-------- Data shown
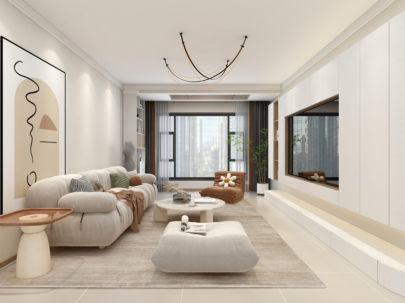 本案基于现代风格进行家居的装修设计,采用大量奶油色系的装饰元素,并结合开放式布局和柔和光线等,呈现宁静舒适家居生活,演绎纯粹的浪漫。
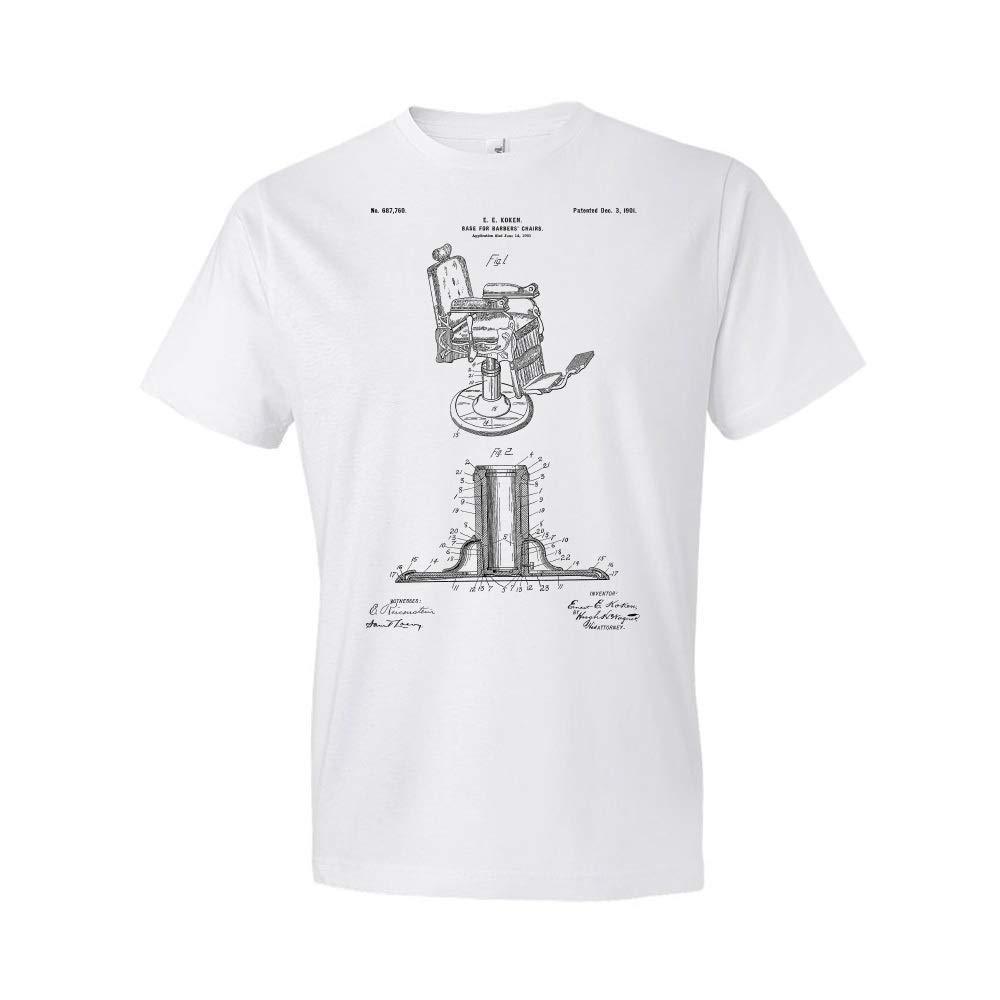 - 3XL Mens athletic fit t-shirt in White color featuring a Barber Chair patent illustration. Designed by Patent Earth, this t-shirt is made to order with your choice of size and color!
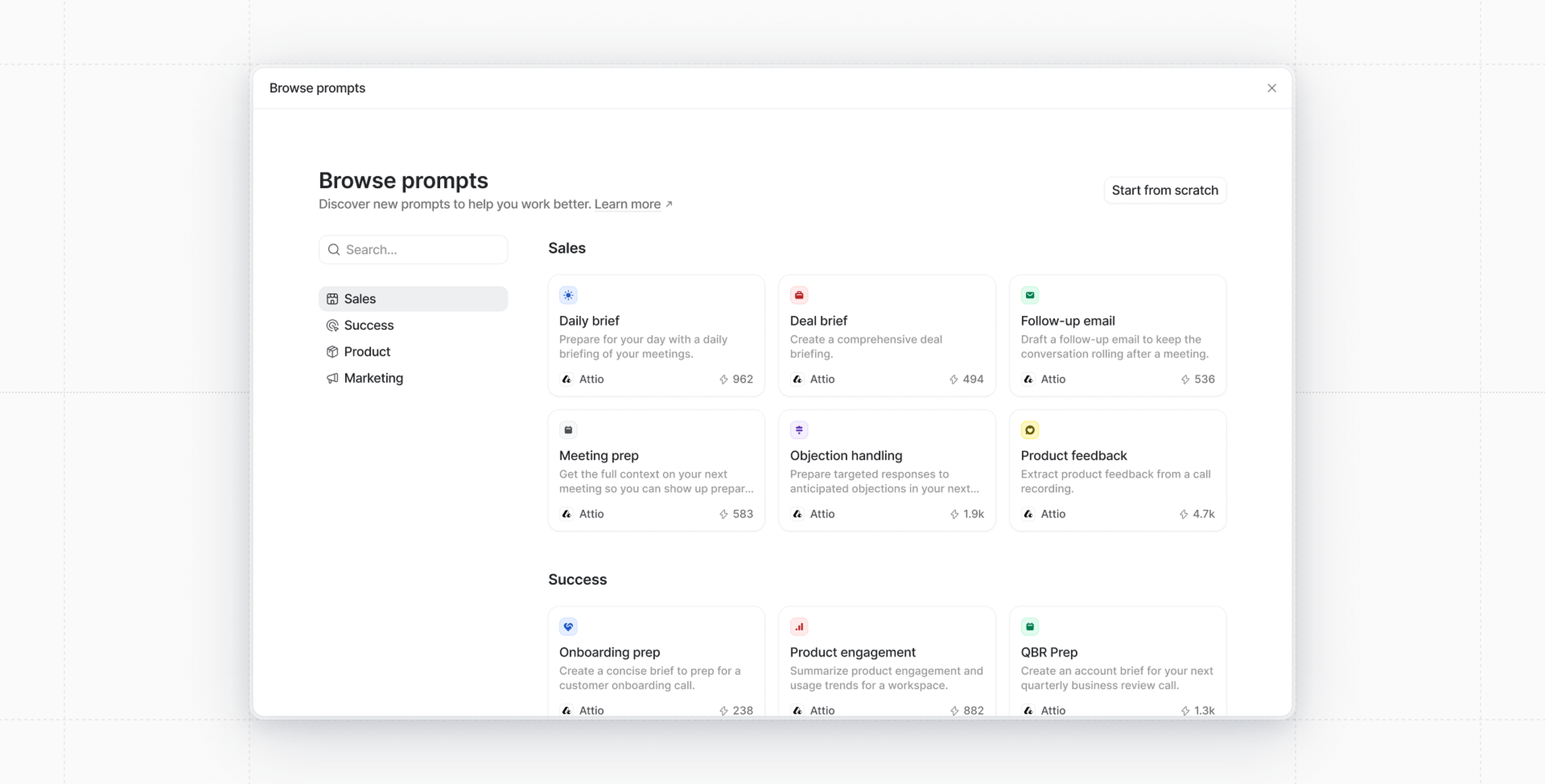Create Ask Attio prompts from scratch or browse the prompt library.
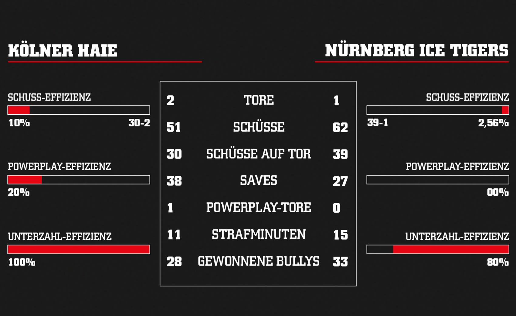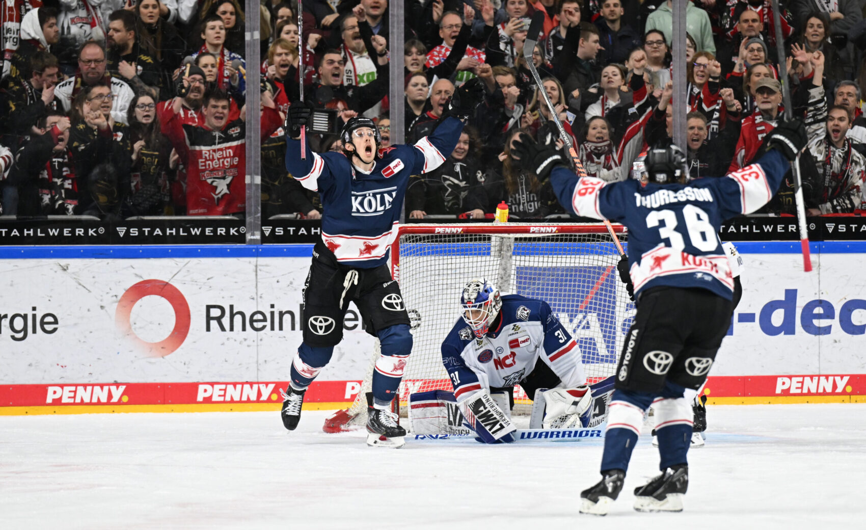 Die Haie gewinnen durch einen Treffer in der allerletzten Sekunde (!) mit 2:1 gegen starke Ice Tigers aus Nürnberg. Maxi Kammerer verwandelt mit seinem Tor die LANXESS arena unmittelbar vor Schluss in ein absolutes Tollhaus. 17.105 Fans sind Zeuge einer Partie, die so ziemlich alles hatte – inkl. eines Happy Ends, das einfach nur guttut und zeigt, dass mit den Haien einfach immer zu rechnen ist!
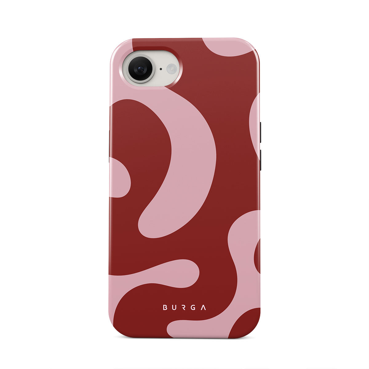 This design features: waves, abstract pattern, dark red swirls, pink swirls.
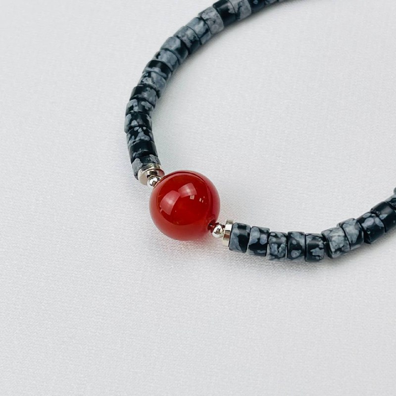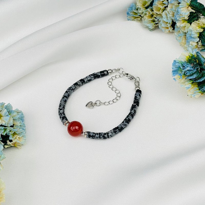Радуга Самоцветов Браслет из снежного Обсидиана и Сердолика
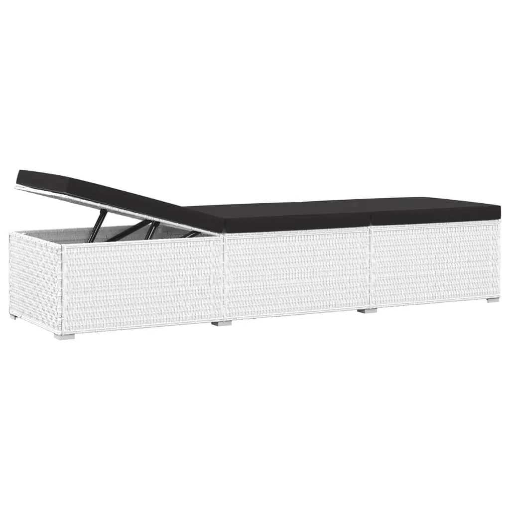 Vidaxl Sun Lounger White Pe Rattan 76.8 In X 23.6 In X 12.2 In
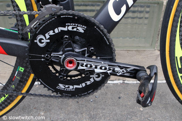 Rotor 3D cranks and Q rings are the setup for this sprinter.
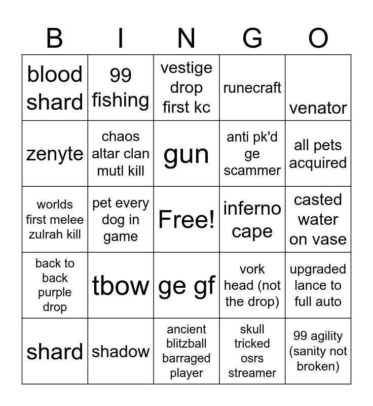 This bingo card has a free space and 24 words: tbow, shadow, gun, shard, venator, blood shard, zenyte, 99 fishing, inferno cape, ge gf, anti pk'd ge scammer, worlds first melee zulrah kill, vork head (not the drop), upgraded lance to full auto, chaos altar clan mutl kill, skull tricked osrs streamer, casted water on vase, vestige drop first kc, all pets acquired, pet every dog in game, 99 agility (sanity not broken), back to back purple drop, runecraft and ancient blitzball barraged player.
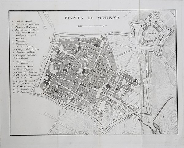 Pianta di Modena tratta dal "Viaggi in Italia per Francesco Gandini, overo descrizione Geografica, Storica, Pittorica, Statistica Postale e Commerciale dell'Italia", edito a Cremona dal 1830 al 1836.Affascinante opera in otto volumi (nove tomi) riguardanti: Quadro generale dell'Italia, Stati di Sardegna, Governo di Milano, Governo di Venezia, Ducati di Parma Piacenza Massa etc., Gran Ducato di Toscana, Stato della Chiesa, Regno di Napoli e Isole dell'Italia. Numerose tavole fuori testo incise all'acquatinta dal Landini raffiguranti vedute di città italiane.Incisione in rame, in ottimo stato di conservazione. Pianta di Modena tratta dal "Viaggi in Italia per Francesco Gandini, overo descrizione Geografica, Storica, Pittorica, Statistica Postale e Commerciale dell'Italia", edito a Cremona dal 1830 al 1836.Affascinante opera in otto volumi (nove tomi) riguardanti: Quadro generale dell'Italia, Stati di Sardegna, Governo di Milano, Governo di Venezia, Ducati di Parma Piacenza Massa etc., Gran Ducato di Toscana, Stato della Chiesa, Regno di Napoli e Isole dell'Italia. Numerose tavole fuori testo incise all'acquatinta dal Landini raffiguranti vedute di città italiane.Incisione in rame, in ottimo stato di conservazione. Cfr.
----------------
● **What the task asks**
Please transcribe exactly the part of the records that opens with the line containing "Create Ask Attio" and closes with the line containing "Радуга Самоцветов Браслет", both ends included, and leave out the pictures.

● **Answer space**
Create Ask Attio prompts from scratch or browse the prompt library.
 Die Haie gewinnen durch einen Treffer in der allerletzten Sekunde (!) mit 2:1 gegen starke Ice Tigers aus Nürnberg. Maxi Kammerer verwandelt mit seinem Tor die LANXESS arena unmittelbar vor Schluss in ein absolutes Tollhaus. 17.105 Fans sind Zeuge einer Partie, die so ziemlich alles hatte – inkl. eines Happy Ends, das einfach nur guttut und zeigt, dass mit den Haien einfach immer zu rechnen ist!
 This design features: waves, abstract pattern, dark red swirls, pink swirls.
Радуга Самоцветов Браслет из снежного Обсидиана и Сердолика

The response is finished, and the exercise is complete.